## Work request
From the data below, return only the lines from the one with "(Shown in White)" through the one with "Figure 1: The", exact and inclusive, with pictures left out.

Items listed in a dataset

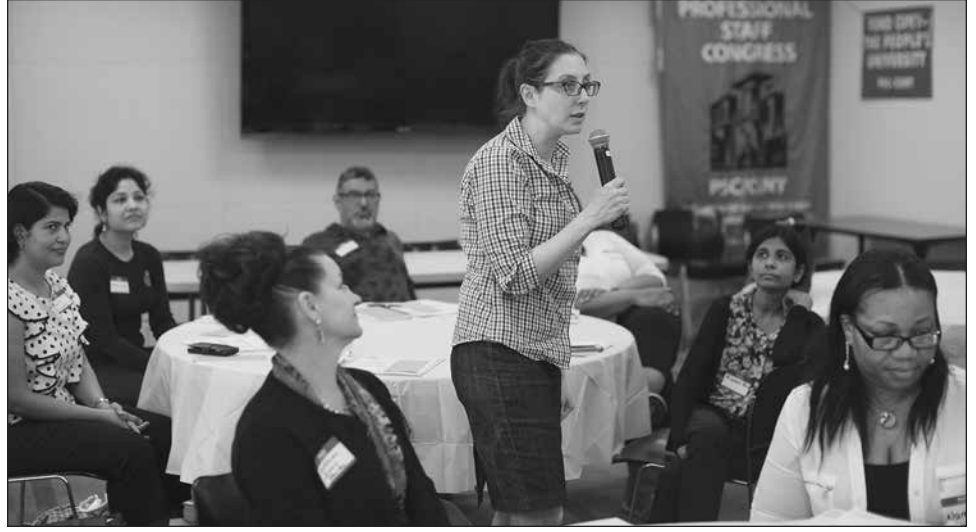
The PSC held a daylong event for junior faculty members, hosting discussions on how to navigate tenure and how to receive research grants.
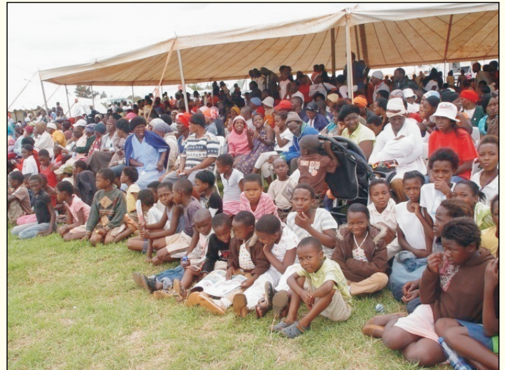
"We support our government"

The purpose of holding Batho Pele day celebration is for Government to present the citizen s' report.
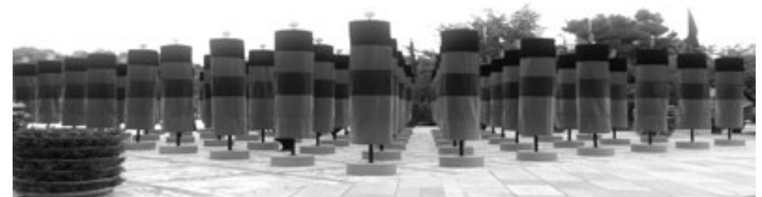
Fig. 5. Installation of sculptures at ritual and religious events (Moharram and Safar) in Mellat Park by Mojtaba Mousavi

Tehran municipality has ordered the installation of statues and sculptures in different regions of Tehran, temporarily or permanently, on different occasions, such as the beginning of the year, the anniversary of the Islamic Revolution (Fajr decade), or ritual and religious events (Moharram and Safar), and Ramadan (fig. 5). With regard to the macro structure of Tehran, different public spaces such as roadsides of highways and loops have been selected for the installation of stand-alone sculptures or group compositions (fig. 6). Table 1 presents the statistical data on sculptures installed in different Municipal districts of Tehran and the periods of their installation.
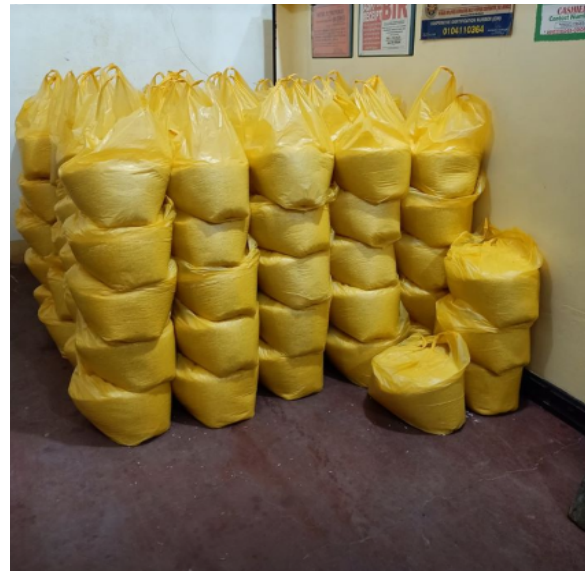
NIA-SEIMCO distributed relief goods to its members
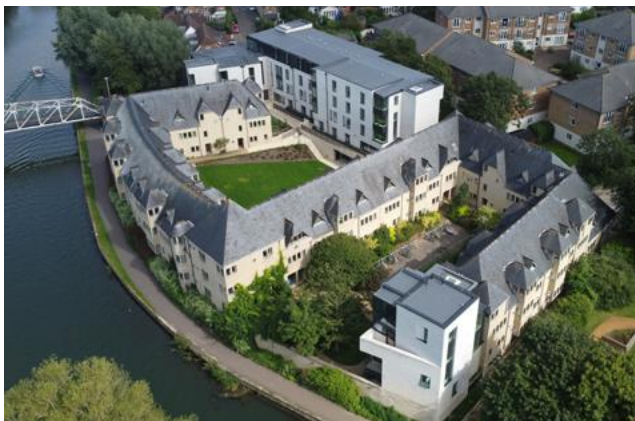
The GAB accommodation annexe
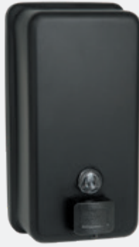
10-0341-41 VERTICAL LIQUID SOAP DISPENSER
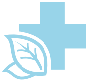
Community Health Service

---

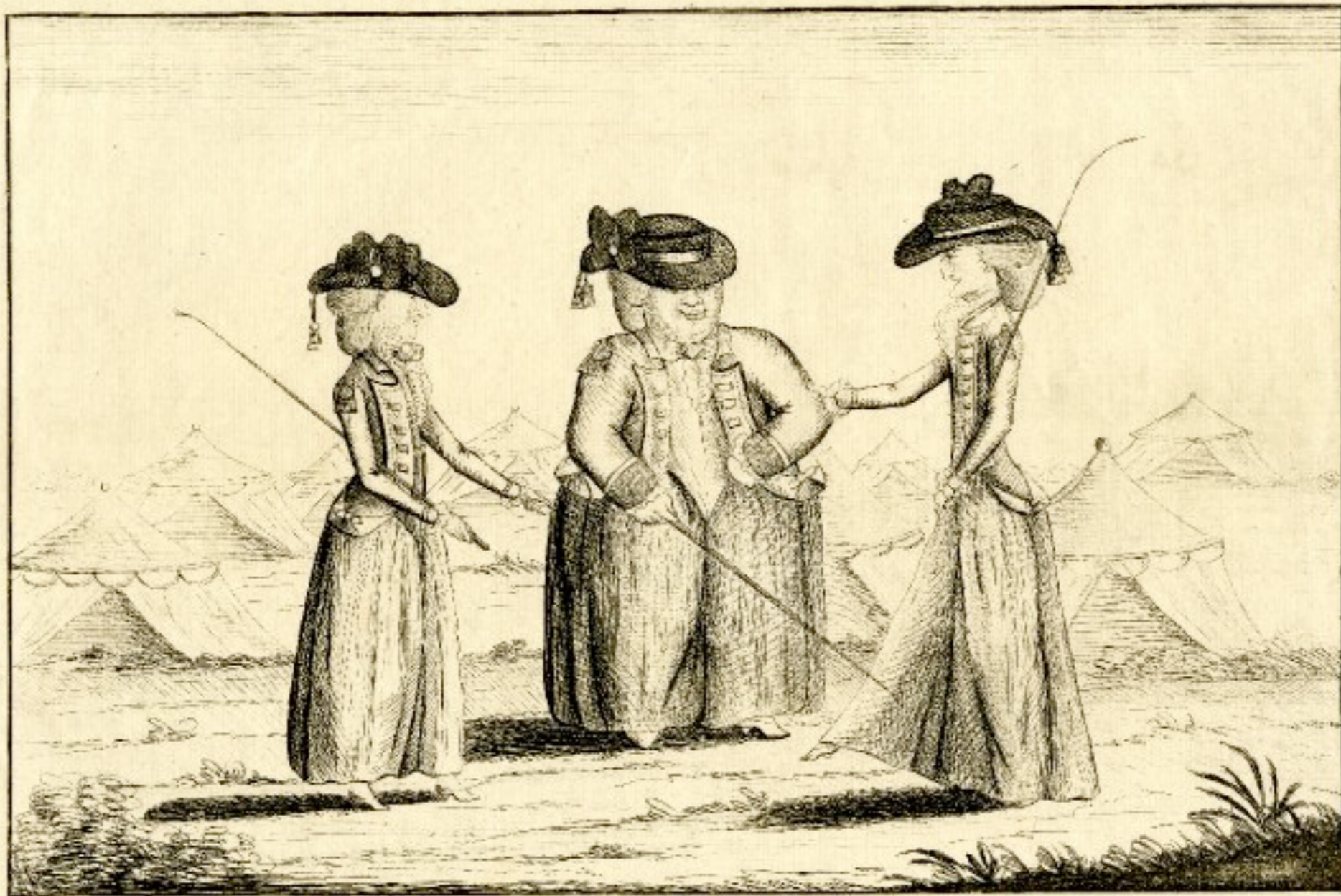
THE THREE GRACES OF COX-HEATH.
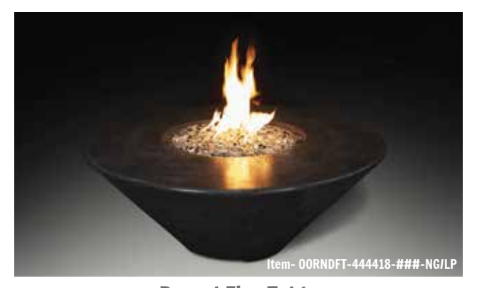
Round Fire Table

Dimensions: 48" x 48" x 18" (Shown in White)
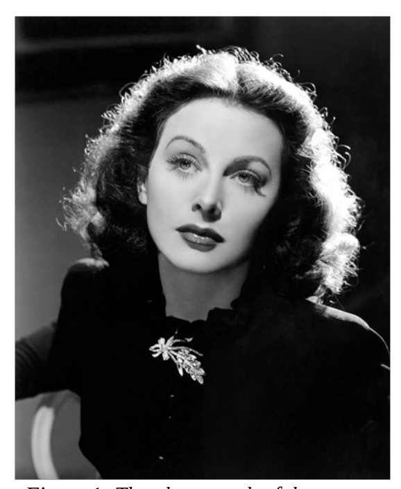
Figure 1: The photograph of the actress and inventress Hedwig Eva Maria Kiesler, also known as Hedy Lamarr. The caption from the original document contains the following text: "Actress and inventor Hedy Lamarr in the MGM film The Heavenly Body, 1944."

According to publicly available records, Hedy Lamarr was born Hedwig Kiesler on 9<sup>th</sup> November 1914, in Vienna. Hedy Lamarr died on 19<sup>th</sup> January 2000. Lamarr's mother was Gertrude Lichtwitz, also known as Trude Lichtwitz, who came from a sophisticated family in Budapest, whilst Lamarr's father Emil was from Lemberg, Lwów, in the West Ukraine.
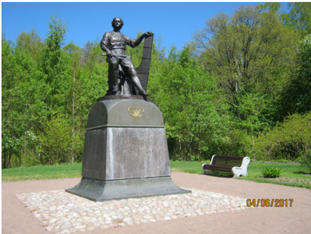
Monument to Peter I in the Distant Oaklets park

## Response box
Dimensions: 48" x 48" x 18" (Shown in White)
Figure 1: The photograph of the actress and inventress Hedwig Eva Maria Kiesler, also known as Hedy Lamarr. The caption from the original document contains the following text: "Actress and inventor Hedy Lamarr in the MGM film The Heavenly Body, 1944."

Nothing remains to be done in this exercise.